By Matt Vines March 14, 2025

COLUMBUS, Ohio – The return of LSUS Weightlifting to the college national stage was a memorable one as the program competed at The Arnold for the first time since 2020.
But while a women’s team of mostly freshmen will certainly remember their fifth-place finish, the national championships had a deeper effect on one particular lifter in general.
Sophomore Shayla Kanemitsu was awarded a national scholarship from the OC3 Foundation, a foundation established in the memory of weightlifter Oscar Chaplin III.
“I started crying immediately because I honestly didn’t know if I’d be able to come back (to LSUS) financially next semester,” said Kanemitsu, who started at LSUS this spring. “That reassurance of, ‘Yes, you can come back and continue here,’ -- that means a lot.
“Our team had an enjoyable experience at nationals as we competed and cheered on our teammates. We made memories as a team.”
Kanemitsu hails from Lahaina, Hawaii, the epicenter of the Maui wildfires in August of 2023 that killed 102 and displaced thousands. The area is still on the road to recovery as basic services like water, sewer, and electricity are still being restored.
Kanemitsu played a key role in the LSUS women’s finish by scoring 19 points in the 59-kilogram weight class. Teammate Grace Gonzalez-Liz also added 19 points in that class as one of four LSUS freshmen of the six female lifters the Pilots sent to nationals.
Freshmen Enyjai Tyson (22 points), Savannah Bolden (20 points) and Hannah St. Gerard (20 points) led the way for an LSUS squad that beat household names like Florida State and Texas.
Graduate student Kela Kauha’aha’a, who is also the team’s assistant coach, scored 11 points in her final collegiate contest.
“The women were the top finisher among partial teams (a full team is 10 lifters),” said LSUS weightlifting coach Aaron Adams. “It was pretty cool to see Shayla be presented with that scholarship because she deserves it and has been working really hard.
“We did really well, and with the way recruiting is going, we should bring a full team to next year’s nationals.”
The LSUS team got some love from commentator Mark Henry, the former professional wrestler who was an Olympic weightlifter.

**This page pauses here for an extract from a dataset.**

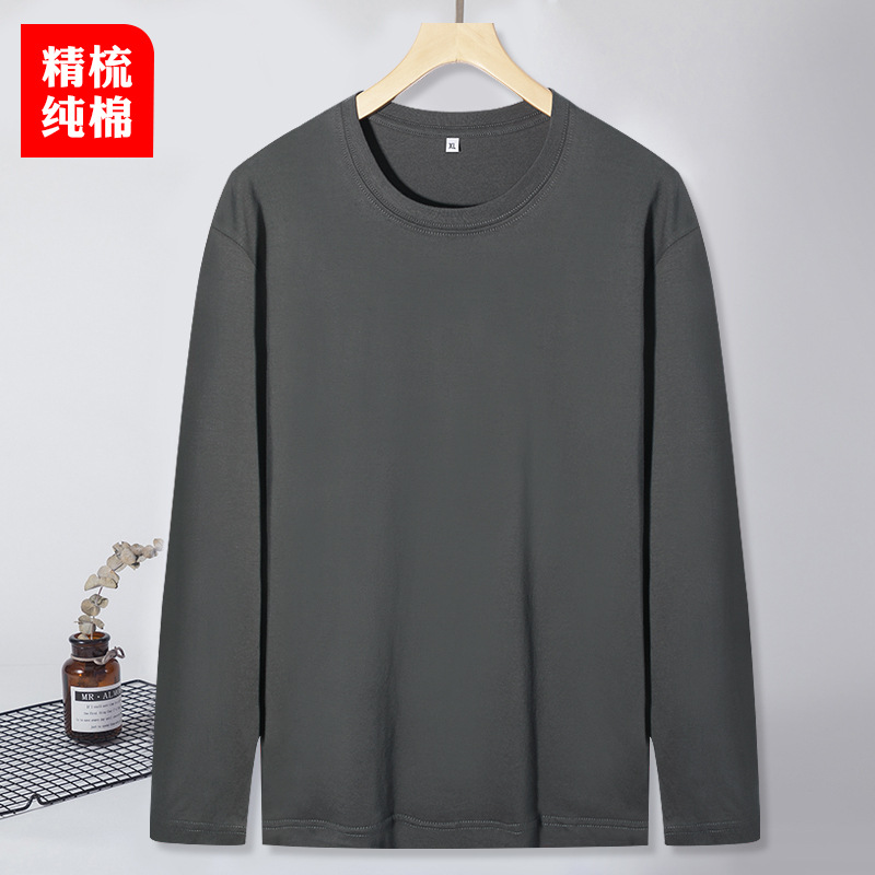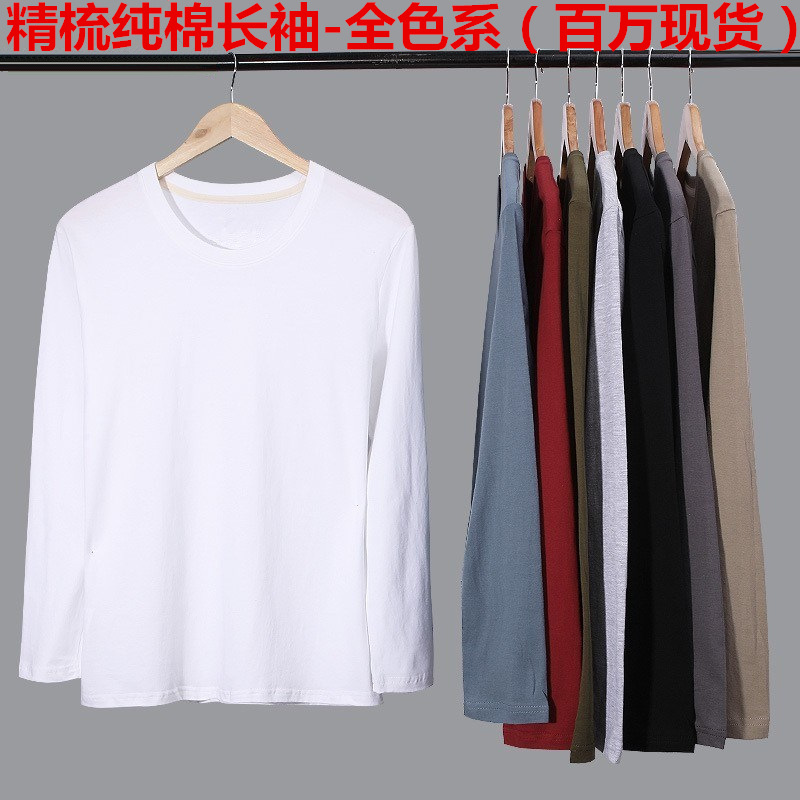 Главная страница > Футболка с длинными рукавами из чистого хлопка, Мужская Осенняя Базовая рубашка, однотонная Белая пустая чистая версия, осенняя одежда, свободная легкая версия с круглым вырезом, Топ

Henry has a relationship with LSUS through director Dr. Kyle Pierce and Olympian Kendrick Farris, and Adams said Henry was excited to see LSUS back on the national stage.
“It was crazy to hear the strongest man who has ever lived talking about our program and how strong our girls are,” Adams said, adding he spoke with Henry off camera at the event. “The stories he was telling about his relationship LSUS were awesome.”
The LSUS men took its first steps on the national stage as well with a 12th-place finish.
Two Pilot lifters scored as Thomas Niss (nine points) and Dylan Satkunam (seven points) accounted for LSUS’s 16 total points.
“The men had a tough performance, but our entire team is freshmen with most of those in deep weight classes,” Adams said. “But they are freshmen in a new program, and it was fun to see them on this stage.”
The nationals performance sets the stage for a reinvigorated college program that didn’t have any athletes 18 months ago.
Adams said he expects to have perhaps upwards of 25 men’s and women’s lifters once his second recruiting class arrives this fall.